Neighbors have walked the halls of Woodrow Wilson High School since 1928, making it the logical connection between past, present and future generations.
But in terms of a neighborhood symbol, the obvious choice is the Lakewood Theater, and not just because of its emblematic 100foot neon-lit tower.
“Nothing else represents Lakewood’s commercial history like that theater,” says East Dallas architect and preservationist Norman Alston. “In its time, the Lakewood Theater served the purpose for past generations as the one place everyone went, the place where people went out to see people and be seen.
“More than any other building in Lakewood, it embodies the history of the neighborhood.”
The question is what it’s worth — to neighbors, to the theater’s owners, to the City of Dallas — to preserve that history.
Karl Hoblitzelle spared no expense on the theater’s art deco design when he constructed the theater in 1938 at the tail end of the Great Depression. At the time, glamorous movie theaters peppered Dallas, and the Lakewood has outlasted most of its singlescreen counterparts.
The tower’s neon lights have gone dark twice since it opened due to market shifts.
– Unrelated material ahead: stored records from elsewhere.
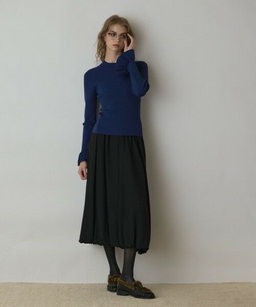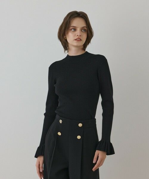 上品なハイネック仕様に袖口にはフリルディテールを施して、さりげないフェミニンさをプラスしました。着回しやすいベーシックカラーに加え、大人のアクセントカラーにぴったりな深みのあるブルーの4色展開です。
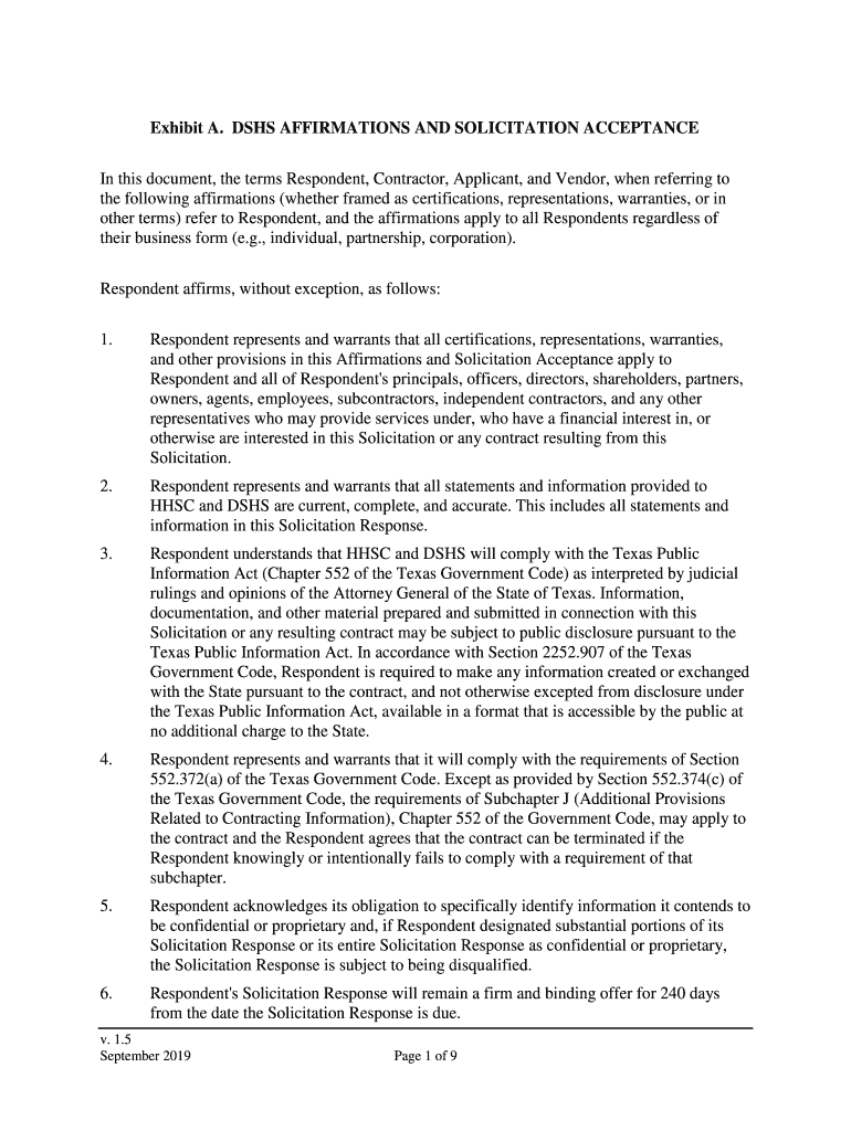 Exhibit A. DSS AFFIRMATIONS AND SOLICITATION ACCEPTANCE
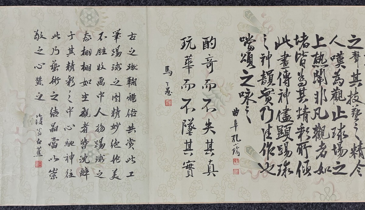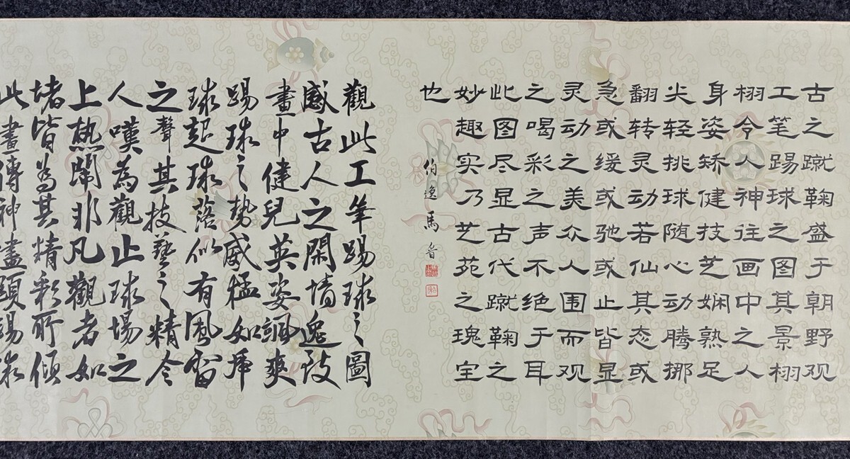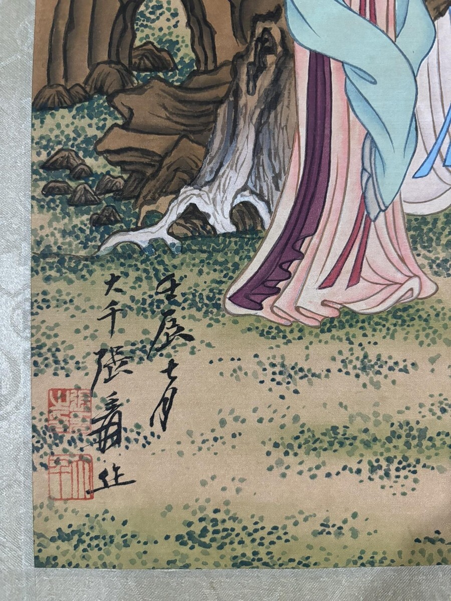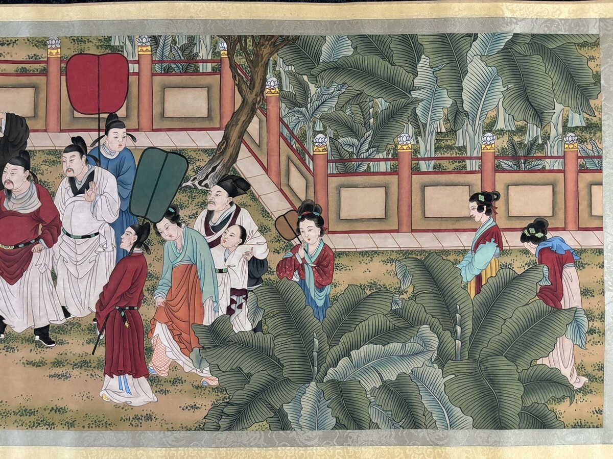 【瓏】「張大千作 蹴鞠図珎品長巻」近代画家 肉筆絹本 掛け軸 書画横物 巻き物 中国書画 古美術 骨董品 蔵出
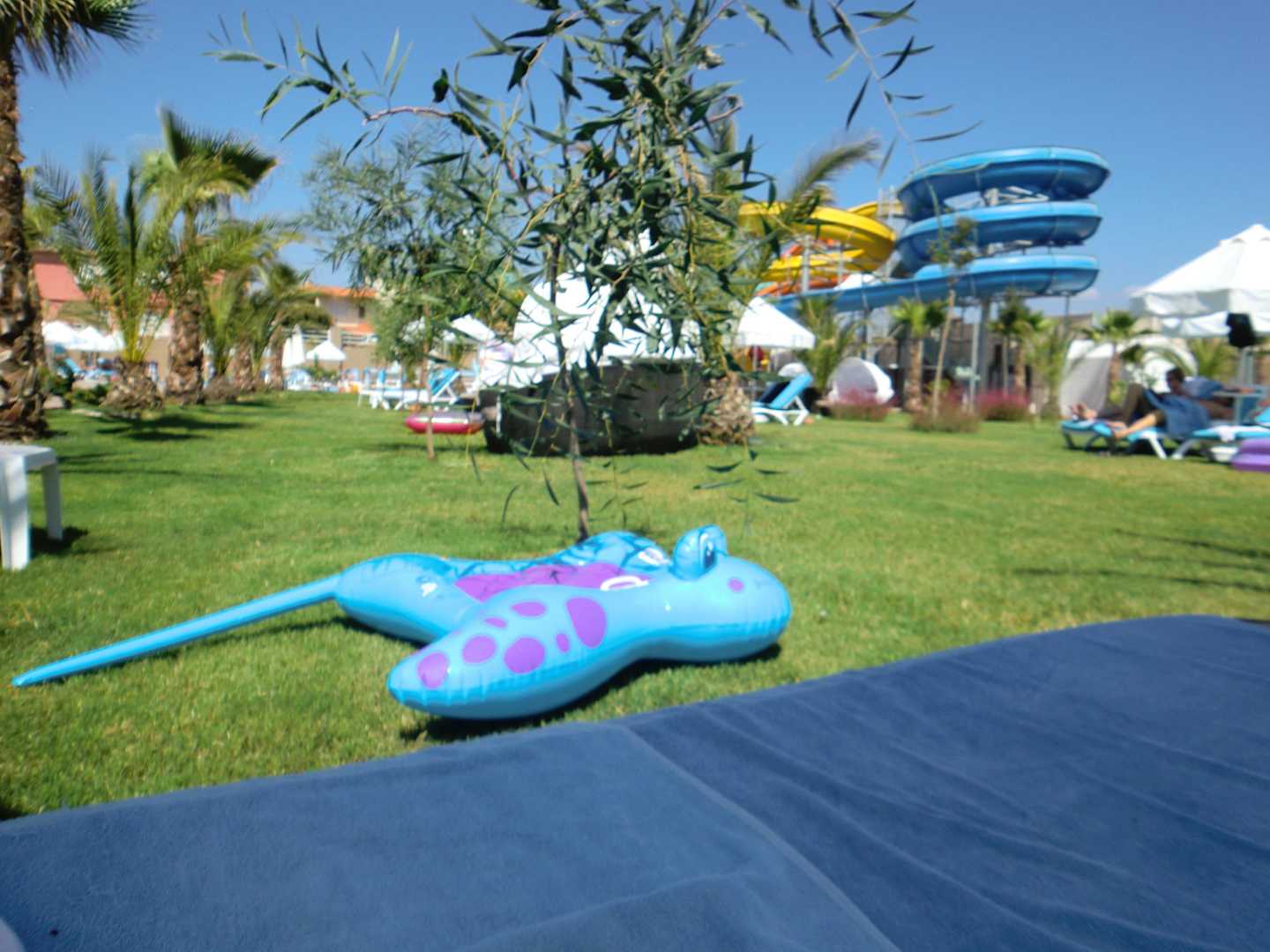 Liegewiese mit Blick auf Rutschen

But more than seven decades and four owners later, the theater has remained, essentially, a theater.
That is likely to change after this month, however. The current tenant’s lease is up at the end of January, and the theater’s owners have indicated a strong possibility that it will be carved up into two or three spaces to accommodate dining or retail tenants.
Craig Kinney, part of the Willingham -Rutledge partnership that purchased the southwest strip of the Lakewood shopping center in 2007, says the owners “would absolutely do nothing on that tower or change the exterior. That’s one of the reasons we bought it. It’s a great asset to us. Everybody knows the Lakewood Theater.”